If this trend for policy makers in the US and elsewhere
to wait-and-watch and for wealthholders and central
banks to turn cautious on the dollar persists, the downward
slide of the currency is likely to accelerate. Unfortunately,
this would help no one. The appreciation of the euro
and the yen would affect their exports. The slowing
of growth in the US that an enforced cutback in government
and private spending and inflation induced by a falling
dollar would result in, would hurt most exporters, including
those from China. And a possible meltdown in US markets
is bound to wipe out a huge quantity of paper wealth
that sustains even the current level of business confidence.
Above all, the fragility in financial markets that the
process generates can trigger a liquidity crunch that
would spell deflation.
The fundamental problem is that countries desperate
to accelerate or protect the growth of their own markets
and exports, are unwilling to come together to deal
with what is not just a US problem. And their failure
to do so hurts not just the US but the world economy
as a whole.
These contradictions in the current global conjuncture
reflect the peculiar nature of US leadership. That leadership
is no more attributable to the relative strength of
the US economy, but rather is explained by the military
might of the US and its self-assumed role of global
policeman. However, despite the lack of US economic
supremacy, there is a bias to bilateralism in the global
system. The US remains an important market for most
countries, especially the successful exporters like
China in goods and India in services. The US has also
been the most favoured destination for financial investment
for private wealthholders and governments.

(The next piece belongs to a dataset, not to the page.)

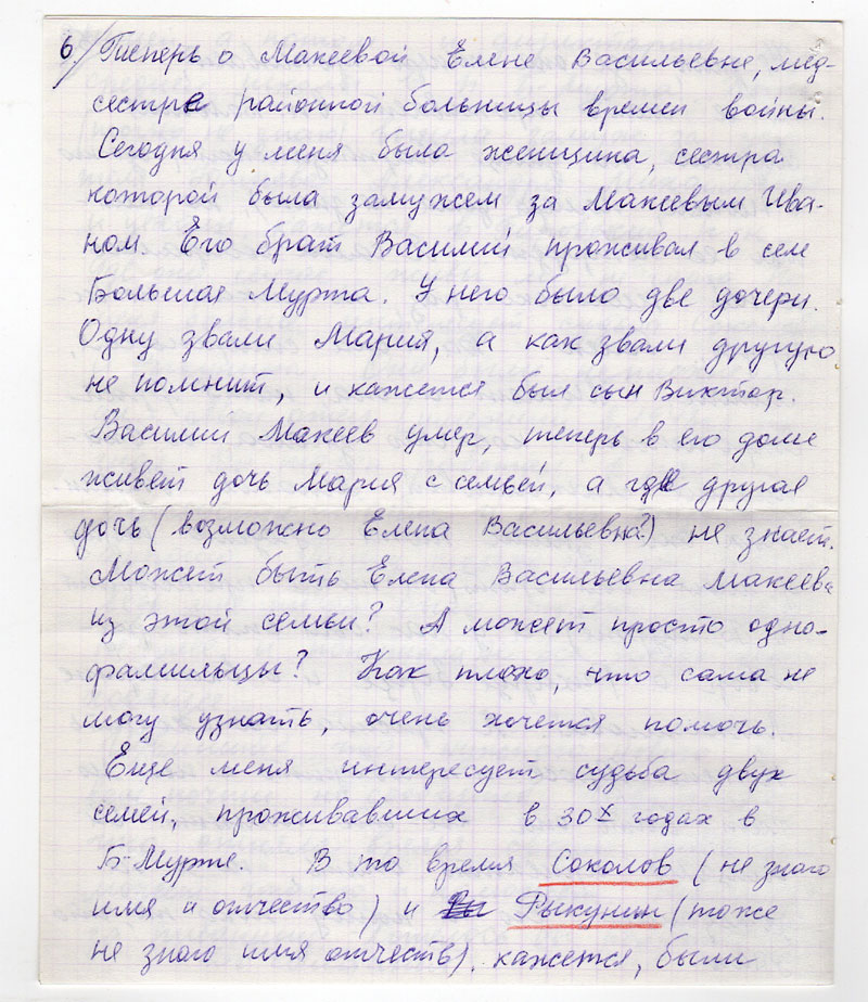 Теперь о Макеевой Елене Васильевне, медсестре районной больницы времен войны. Сегодня у меня была женщина, сестра которой была замужем за Макеевым Иваном. Его брат Василий проживал в селе Большая Мурта. У него было две дочери. Одну звали Мария, а как звали другую не помнит, и кажется был сын Виктор. Василий Макеев умер, теперь в его доме живет дочь Мария с семьей, а где другая дочь (возможно Елена Васильевна?) не знает. Может быть Елена Васильевна Макеева из этой семьи? А может просто однофамильцы? Как плохо, что сама не могу узнать, очень хочется помочь.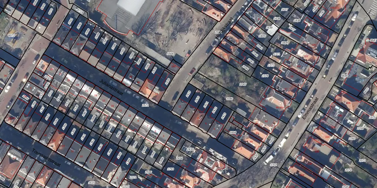 Gebruik de zoekbalk of klik op een perceel om informatie over het perceel te bekijken.

If countries want this cosy but undeclared relationship
with the US to continue they are bound to be asked to
pay a price for the militarism that makes the US a buoyant
economy, a sponge for global exports and a safe haven
for investment. If they are unwilling, they must seek
out strategies that break this undeclared bias to bilateralism
that is reminiscent of colonial times. That would spell
an end to US supremacy and the emergence of a truly
multipolar world. However, the transition is not guaranteed.
The costs are likely to be substantial and the outcomes
are uncertain. But perhaps the dollar conundrum signals
that there are no mutually acceptable choices left.